039 Condition variable synchronization (Condition), 039 Condition variable

039 Condition variable synchronization (Condition), 039 Condition variable

The lock adds wait (), notify () to wake up a process, and notifyall () to wake up all process methods. The Rlock type lock is used by default during creation, can be set to lock type, the default is OK

1 from random import randint 2 import threading 3 import time 4 5 class Producer (threading. thread): 6 def run (self): 7 global L 8 while True: 9 val = randint (0,100) 10 print ('produser', self. name, ': append', str (val), L) 11 if lock_con.acquire (): 12 L. append (val) 13 lock_con.y y () 14 lock_con.release () 15 time. sleep (3) 16 17 class Consumer (threading. thread): 18 def run (self): 19 global L20 while True: 21 lock_con.acquire () 22 if len (L) = 0: 23 lock_con.wait () 24 print ('consumer ', self. name, 'delete', str (L [0]), L) 25 del L [0] 26 lock_con.release () 27 time. sleep (0.5) 28 29 if _ name _ = '_ main _': 30 L = [] 31 lock_con = threading. condition () 32 threads = [] 33 for I in range (5): 34 threads. append (Producer () 35 threads. append (Consumer () 36 for t in threads: 37 t. start () 38 for t in threads: 39 t. join ()

Example

 

########## Java Adaptation: single production and single consumption

1 import time 2 import threading 3 4 class Res: 5 def _ init _ (self): 6 self. flag = False 7 self. count = 0 8 self. product = ''9 10 def set (self, name): 11 lock_con.acquire () 12 if self. flag: 13 lock_con.wait () 14 time. sleep (0.00001) 15 self. count ++ = 116 self. product = ''. join ([name, '**', str (self. count)]) 17 self. message = ''. join ([self. product, '_ producer _', str (threading. current_thread ()]) 18 print (self. message) 19 self. flag = True20 lock_con.notify () 21 lock_con.release () 22 23 def get_product (self): 24 lock_con.acquire () 25 time. sleep (0.00001) 26 if not self. flag: 27 lock_con.wait () 28 self. message = ''. join ([self. product, '_ consumer _', str (threading. current_thread ()]) 29 print (self. message) 30 self. flag = False31 lock_con.y y () 32 lock_con.release () 33 34 class Producer (threading. thread): 35 def _ init _ (self, r): 36 threading. thread. _ init _ (self) 37 self. r = r38 39 def run (self): 40 for I in range (100): 41 self. r. set ('White Rabbit toffge') 42 43 class Consumer (threading. thread): 44 def _ init _ (self, r): 45 threading. thread. _ init _ (self) 46 self. r = r47 48 def run (self): 49 for I in range (100): 50 self. r. get_product () 51 52 if _ name _ = '_ main _': 53 lock_con = threading. condition () 54 r = Res () 55 c = Consumer (r) 56 p = Producer (r) 57 c. start () 58 p. start ()

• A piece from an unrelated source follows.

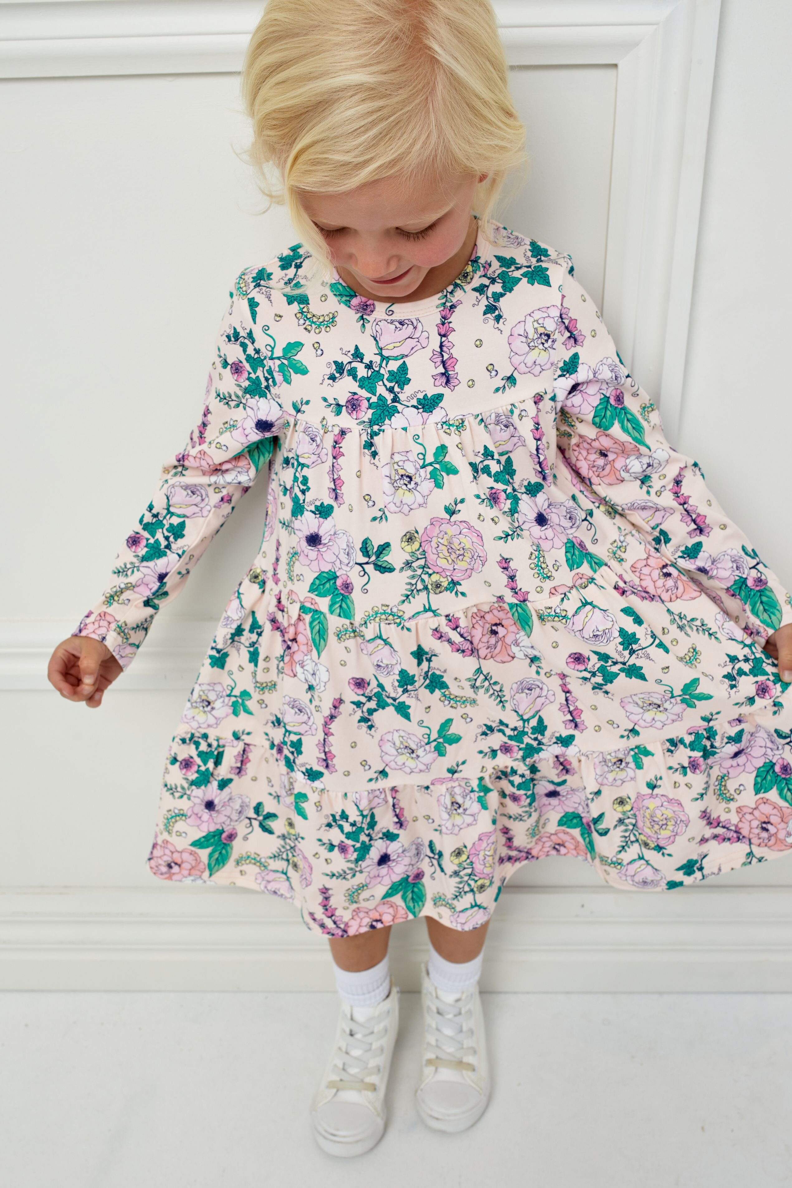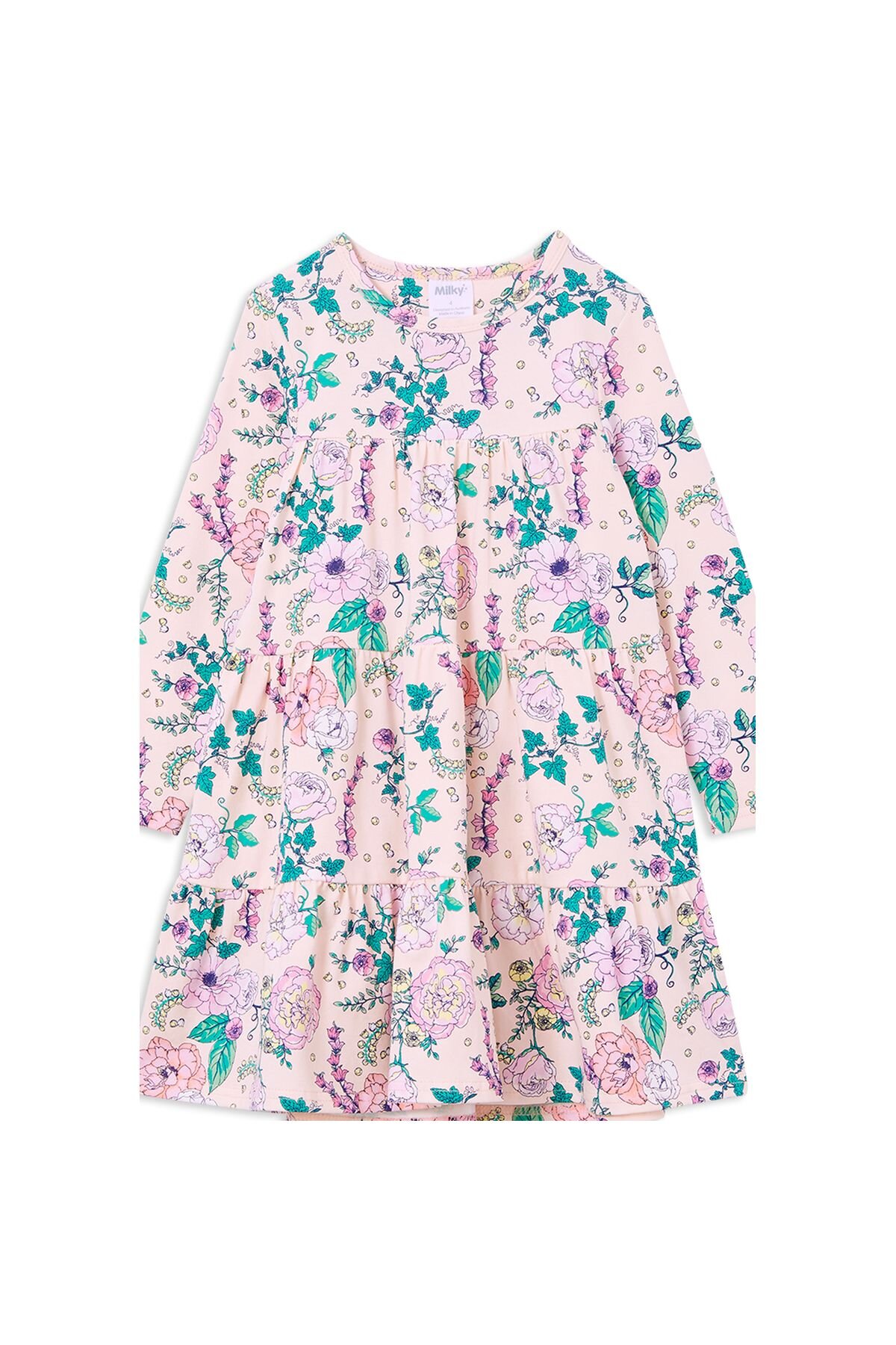 Milky Clothing Whimsical Tiered Dress. This girl’s long-sleeved dress will fast become one of her favourite winter items. This dress has long sleeves and three gathered tiers. It's both fashionable and comfortable. Size & Fit- • Regular fit • Long sleeve dress • Dusty pink base with floral print • Dress with three Gathered tiers • Length: 54cm (Size 2), 61cm (Size 4), 75cm (Size 8) Material & Care- 95% Cotton / 5% Elastane Durable stretch jersey Cold Machine Wash.Australian designed children's fashion label MILKY combines the perfect mix of edgy, irresistible clothing, a refreshing colour palette and on trend styling. MILKY has the must have items for little one's, at great pricing.Come and check out the range at Kid Republic stores.

Single production and single consumption

 

########### Multi-production and multi-Consumption

1 import time 2 import threading 3 4 class Res: 5 def _ init _ (self): 6 self. flag = False 7 self. count = 0 8 self. product = ''9 10 def set (self, name): 11 lock_con.acquire () 12 while self. flag: 13 lock_con.wait () 14 time. sleep (0.00001) 15 self. count ++ = 116 self. product = ''. join ([name, '**', str (self. count)]) 17 self. message = ''. join ([self. product, '_ producer _', str (threading. current_thread ()]) 18 print (self. message) 19 self. flag = True20 lock_con.policyall () 21 lock_con.release () 22 23 def get_product (self): 24 lock_con.acquire () 25 time. sleep (0.00001) 26 while not self. flag: 27 lock_con.wait () 28 self. message = ''. join ([self. product, '_ consumer _', str (threading. current_thread ()]) 29 print (self. message) 30 self. flag = False31 lock_con.policyall () 32 lock_con.release () 33 34 class Producer (threading. thread): 35 def _ init _ (self, r): 36 threading. thread. _ init _ (self) 37 self. r = r38 39 def run (self): 40 for I in range (100): 41 self. r. set ('White Rabbit toffge') 42 43 class Consumer (threading. thread): 44 def _ init _ (self, r): 45 threading. thread. _ init _ (self) 46 self. r = r47 48 def run (self): 49 for I in range (100): 50 self. r. get_product () 51 52 if _ name _ = '_ main _': 53 lock_con = threading. condition () 54 r = Res () 55 l = [] 56 for I in range (5): 57 l. append (Consumer (r) 58 for I in range (5): 59 l. append (Producer (r) 60 for a in l: 61. start ()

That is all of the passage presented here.